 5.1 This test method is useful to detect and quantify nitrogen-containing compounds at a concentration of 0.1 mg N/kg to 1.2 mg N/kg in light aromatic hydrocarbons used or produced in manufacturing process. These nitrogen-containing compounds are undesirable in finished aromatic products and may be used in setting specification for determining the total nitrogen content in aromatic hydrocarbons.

⁂

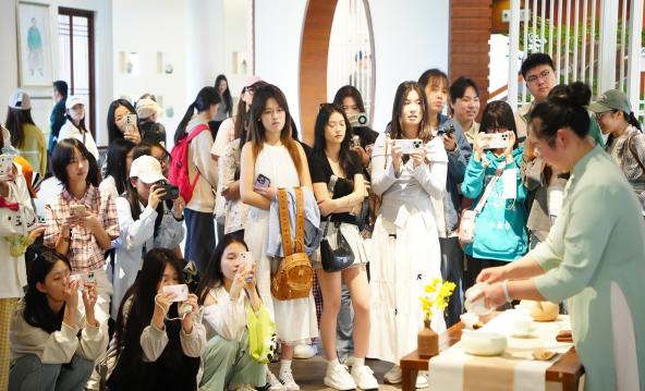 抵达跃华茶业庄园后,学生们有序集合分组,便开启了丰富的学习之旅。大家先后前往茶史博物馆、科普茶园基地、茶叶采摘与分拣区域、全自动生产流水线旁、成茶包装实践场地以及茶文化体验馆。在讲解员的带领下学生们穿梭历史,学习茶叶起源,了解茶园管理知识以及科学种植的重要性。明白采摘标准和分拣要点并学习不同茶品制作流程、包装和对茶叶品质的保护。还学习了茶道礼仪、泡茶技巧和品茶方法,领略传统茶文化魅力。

⁂

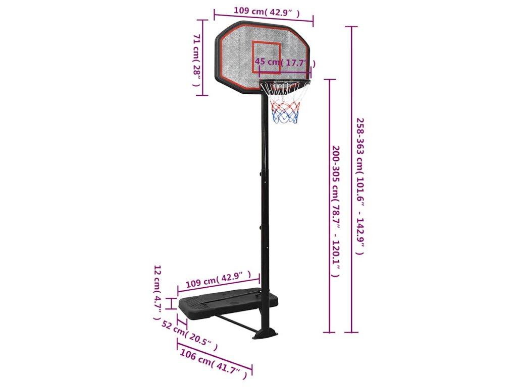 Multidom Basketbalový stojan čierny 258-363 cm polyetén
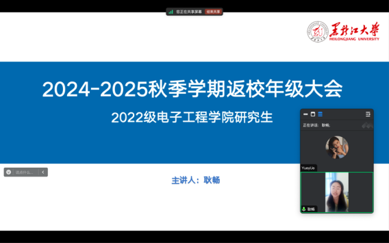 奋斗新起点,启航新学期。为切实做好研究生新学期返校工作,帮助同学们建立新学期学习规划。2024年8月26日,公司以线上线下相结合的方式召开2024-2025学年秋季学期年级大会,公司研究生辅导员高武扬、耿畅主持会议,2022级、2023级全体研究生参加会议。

⁂

#### [Instructions for the task]
Return exactly the lines above, from the one with "Multidom Basketbalový stojan" up to and including the one with "奋斗新起点,启航新学期。为切", and include no pictures.

#### [Response to the exercise]
 Multidom Basketbalový stojan čierny 258-363 cm polyetén
 奋斗新起点,启航新学期。为切实做好研究生新学期返校工作,帮助同学们建立新学期学习规划。2024年8月26日,公司以线上线下相结合的方式召开2024-2025学年秋季学期年级大会,公司研究生辅导员高武扬、耿畅主持会议,2022级、2023级全体研究生参加会议。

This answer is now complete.